# Electronic Rust Module



## BlackseX (Feb 24, 2009)

Has anyone installed this module in their vehicle? The technology sounds good but does it work? I was quoted approx. $900 at the dealer.

Any suggestions/advise.

I was told spraying the vehicle through Krown Rust or similar places creates problems for various sensors over time.


----------



## chansen (Feb 7, 2005)

Electronic rust protection works great - on ships. Unless you plan on floating your X-Trail, don't bother. Krown it.

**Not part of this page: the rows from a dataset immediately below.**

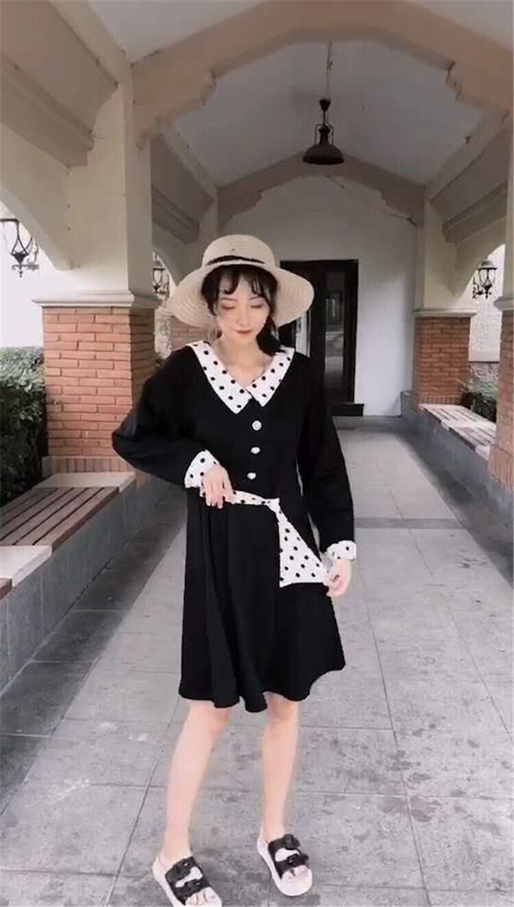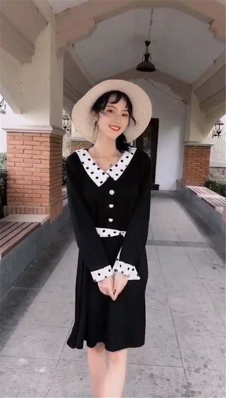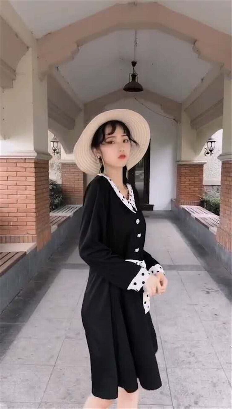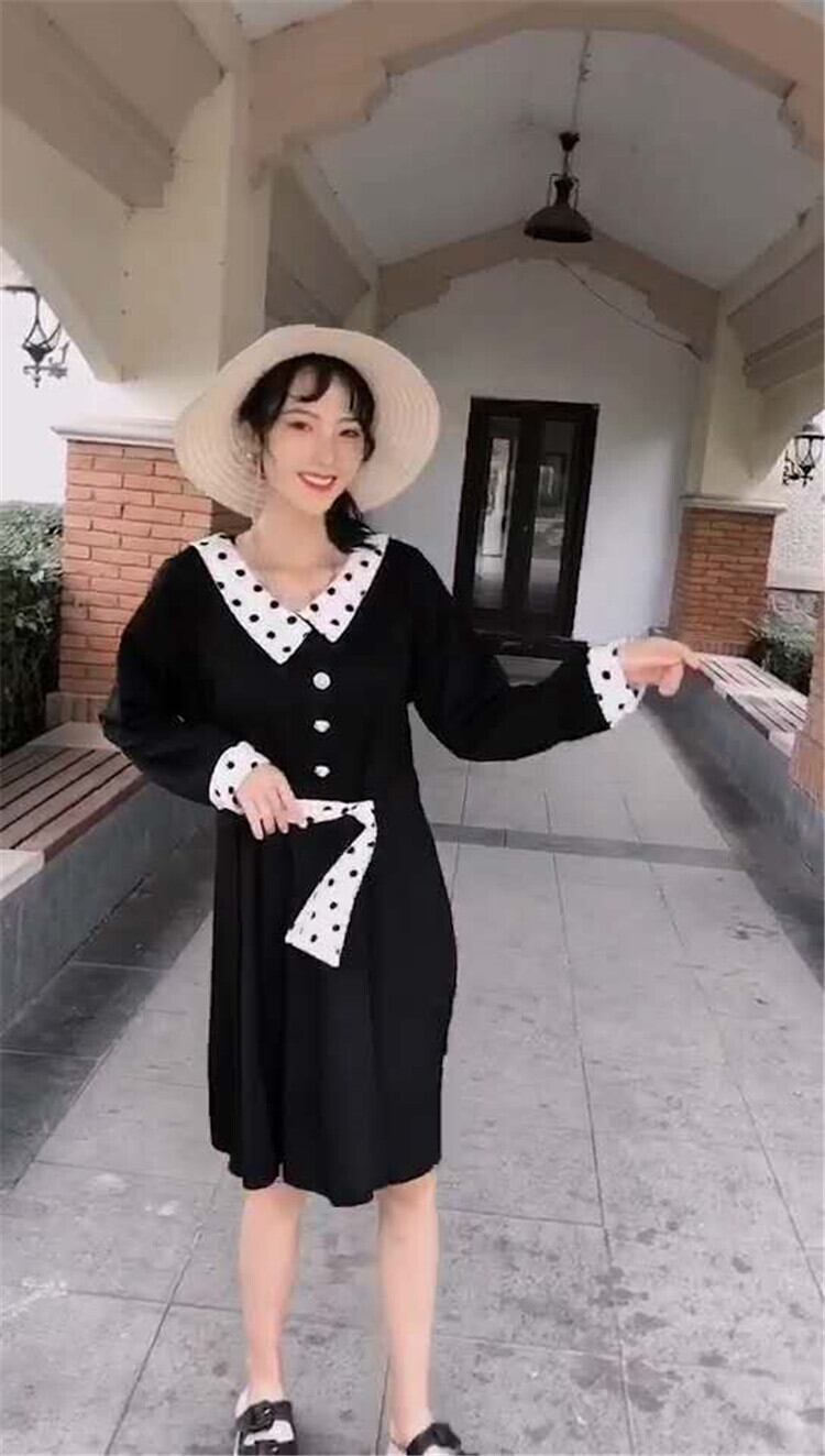 プラスサイズの女性の腰と薄いデザインのファットmmブラックドレス、水玉スカート、新しい秋2020 ミックスインファッション46522455644
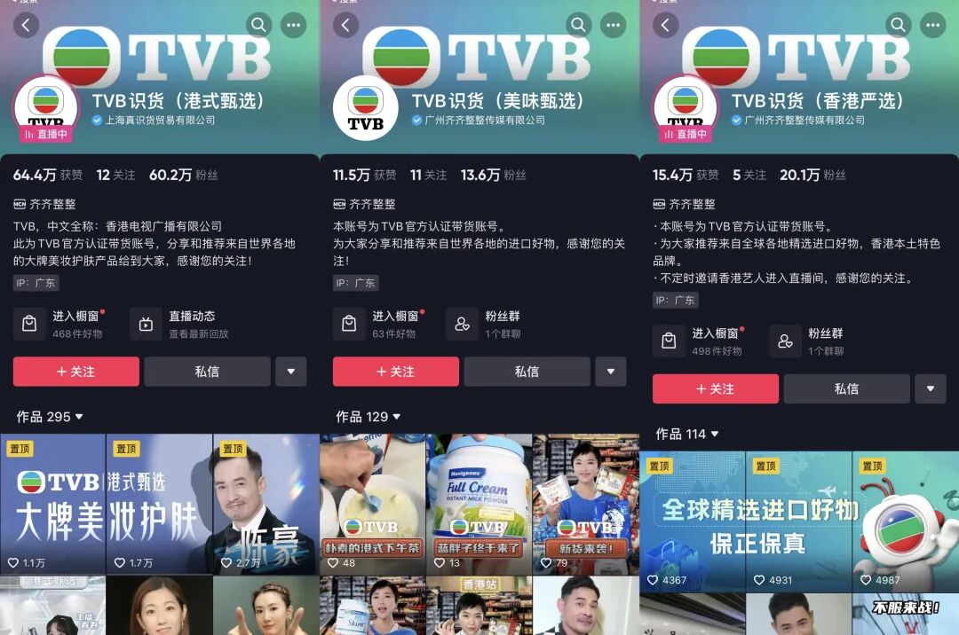 据了解,此次并非TVB首次试水直播带货行业。2022年4月,TVB入驻抖音直播,在官方账号以外,开通了3个直播带货账号,分别为TVB识货(港式甄选)、TVB识货(美味甄选)和TVB识货(香港严选),由上海真识货贸易有限公司和广州齐齐整整传媒有限公司运营,累计粉丝量接近94万。
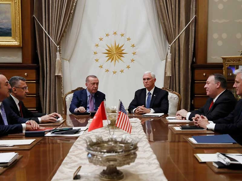 Tổng thống Thổ Nhĩ Kỳ Recep Tayyip Erdogan (trung tâm, trái) và Phó Tổng thống Mỹ Mike Pence (trung tâm, phải) trong cuộc gặp ở Ankara. Ảnh: AP
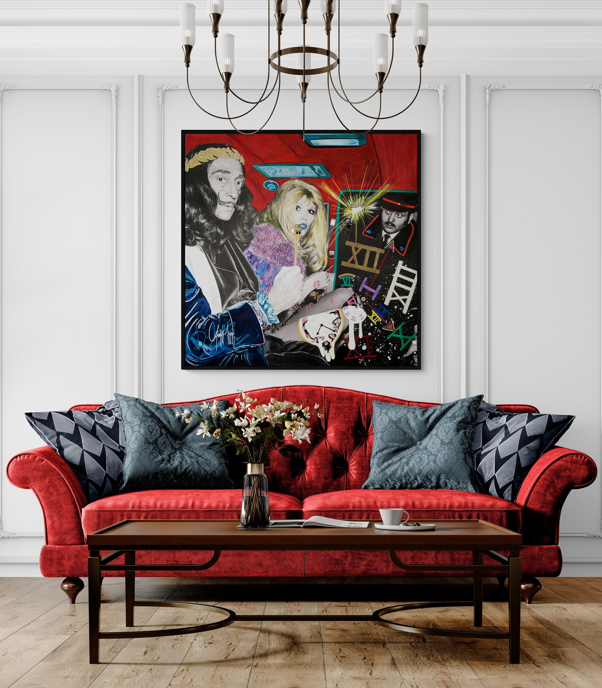 Check out this artistic collaboration between Charlotte Angeli and photographer Daniel Angeli, capturing the eccentricity of Salvador Dali and Amanda Lear. This piece, in square format 100x100 cm, is framed in a black metal American box.
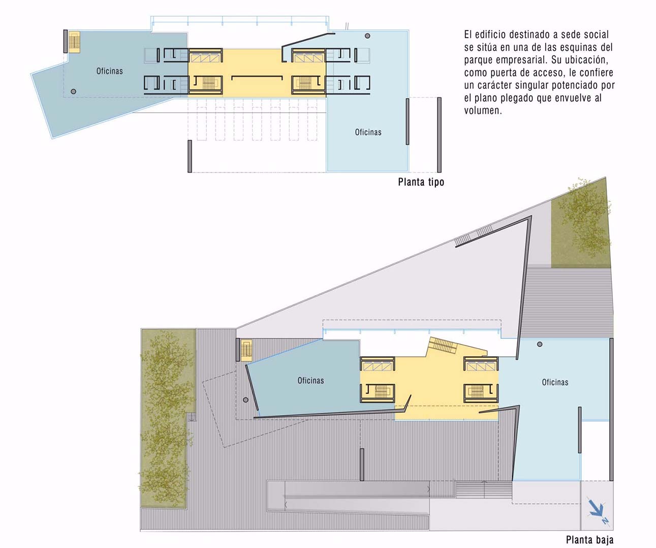 El programa de la sede social empresarial de la Compañía Logística de Hidrocarburos (CLH) se disuelve en el objetivo de proponer una imagen corporativa atractiva y memorable. La unidad del prisma clásico de oficinas se rompe para proporcionar lugares de trabajo y espacios de relación diferenciados y se recompone en un juego volumétrico en el que se potencian los contrastes, las jerarquías y las relaciones entre los espacios cerrados y los abiertos intersticialmente. Al situarlo en el borde de la calle principal de una parcela que se completa con otros edificios de oficinas, se convierte en el frente visible del conjunto, filtrándose la visión del resto de edificaciones a través de sus límites virtuales y de los vacíos que separan los volúmenes.
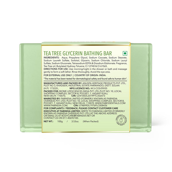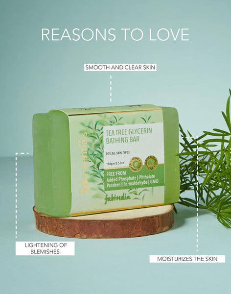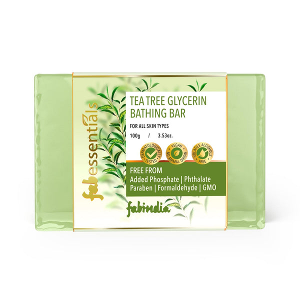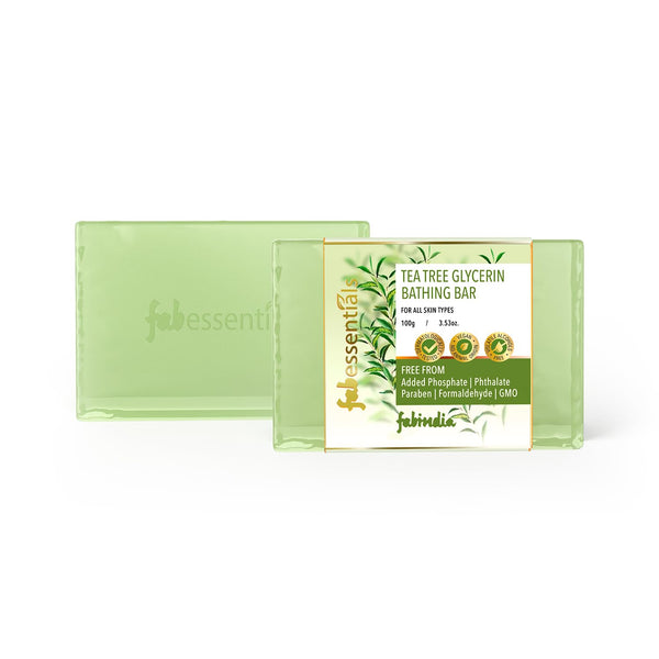 8x Fabessentials Tea Tree Glycerin Bathing Bar | with Natural Bioactives | Cleansing, Refreshing and Nourishing | Vegan & Toxin Free - 100 gm Pack of 8

We've had ours Krowned for 4 years now - no issues with sensors. In fact, I'd be bloody mad at a dealership for lying to me like that. "...creates problems with sensors over time?" So does moisture in the air. Krown displaces moisture from electrical connections, acts as a chassis lubricant, and is the best rust control measure you can take. Sticky sprays and electronic modules are inferior, with the modules being the most inferior.


----------



## BlackseX (Feb 24, 2009)

Thanks! I appreciate the insight. 

I've always taken my vehicles to Krown, and never had issues with sensors malfunctioning until this year. Could have been a coincidence...anyways I found another shop that claims there product is better than Krowns. Any thoughts on Cobra, located in Mississauga (Dundas & Mavis)


----------



## chansen (Feb 7, 2005)

From their site, they use a water-based oil (?!?!?) that is mildly acidic (!)

Whiskey Tango Foxtrot?

Doesn't that throw up red flags for you, just thinking about it?


----------



## BlackseX (Feb 24, 2009)

Any thoughts on Krown rust control affecting the front "plastic" fenders on the '06 X-trail?

I've been going to the Brampton location (Rutherford Rd.) with previous cars, but never had there service technicians drill holes in the body. Anyone experience better service from a specific location or can I expect equal attention to detail from all Krown rust control professionals.


----------